What to work on:
Please reproduce all the data exactly as written and omit the pictures.

Collected material:
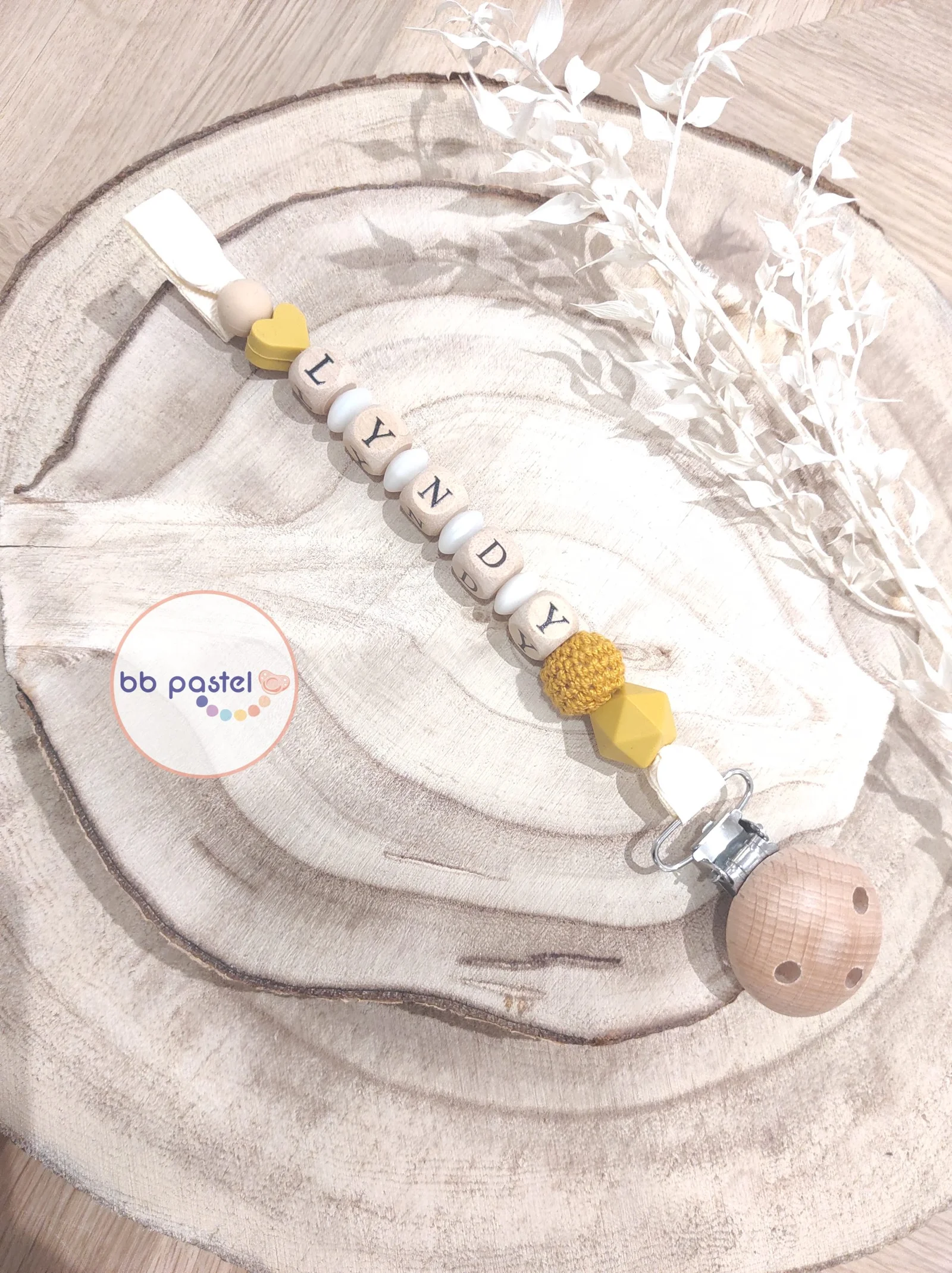 Attache tétine jaune moutarde
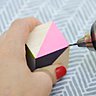 4. Utilisez le poinçon ou un clou pour créer l’endroit du forage dans chacun des cubes comme vous percez un trou. N'hésitez pas à expérimenter divers placements et choisissez ce qui fonctionne le mieux à l’oeil.
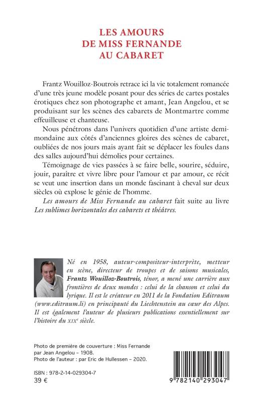 Frantz Wouilloz-Boutrois retrace ici la vie totalement romancée d'une très jeune modèle posant pour des séries de cartes postales érotiques chez son photographe et amant, Jean Angelou, et se produisant sur les scènes des cabarets de Montmartre comme effeuilleuse et chanteuse. Nous pénétrons dans l'univers quotidien d'une artiste demi-mondaine aux côtés d'anciennes gloires des scènes de cabaret, oubliées de nos jours mais ayant fait se déplacer les foules dans des salles aujourd'hui démolies pour certaines. Témoignage de vies passées à se faire belle, sourire, séduire, jouir, paraître et vivre libre pour l'amour et par amour, ce récit se veut une insertion dans un monde fascinant à cheval sur deux siècles où explose le génie de l'homme. Les amours de Miss Fernande au cabaret fait suite au livre Les sublimes horizontales des cabarets et théâtres.

The completed task:
 Attache tétine jaune moutarde
 4. Utilisez le poinçon ou un clou pour créer l’endroit du forage dans chacun des cubes comme vous percez un trou. N'hésitez pas à expérimenter divers placements et choisissez ce qui fonctionne le mieux à l’oeil.
 Frantz Wouilloz-Boutrois retrace ici la vie totalement romancée d'une très jeune modèle posant pour des séries de cartes postales érotiques chez son photographe et amant, Jean Angelou, et se produisant sur les scènes des cabarets de Montmartre comme effeuilleuse et chanteuse. Nous pénétrons dans l'univers quotidien d'une artiste demi-mondaine aux côtés d'anciennes gloires des scènes de cabaret, oubliées de nos jours mais ayant fait se déplacer les foules dans des salles aujourd'hui démolies pour certaines. Témoignage de vies passées à se faire belle, sourire, séduire, jouir, paraître et vivre libre pour l'amour et par amour, ce récit se veut une insertion dans un monde fascinant à cheval sur deux siècles où explose le génie de l'homme. Les amours de Miss Fernande au cabaret fait suite au livre Les sublimes horizontales des cabarets et théâtres.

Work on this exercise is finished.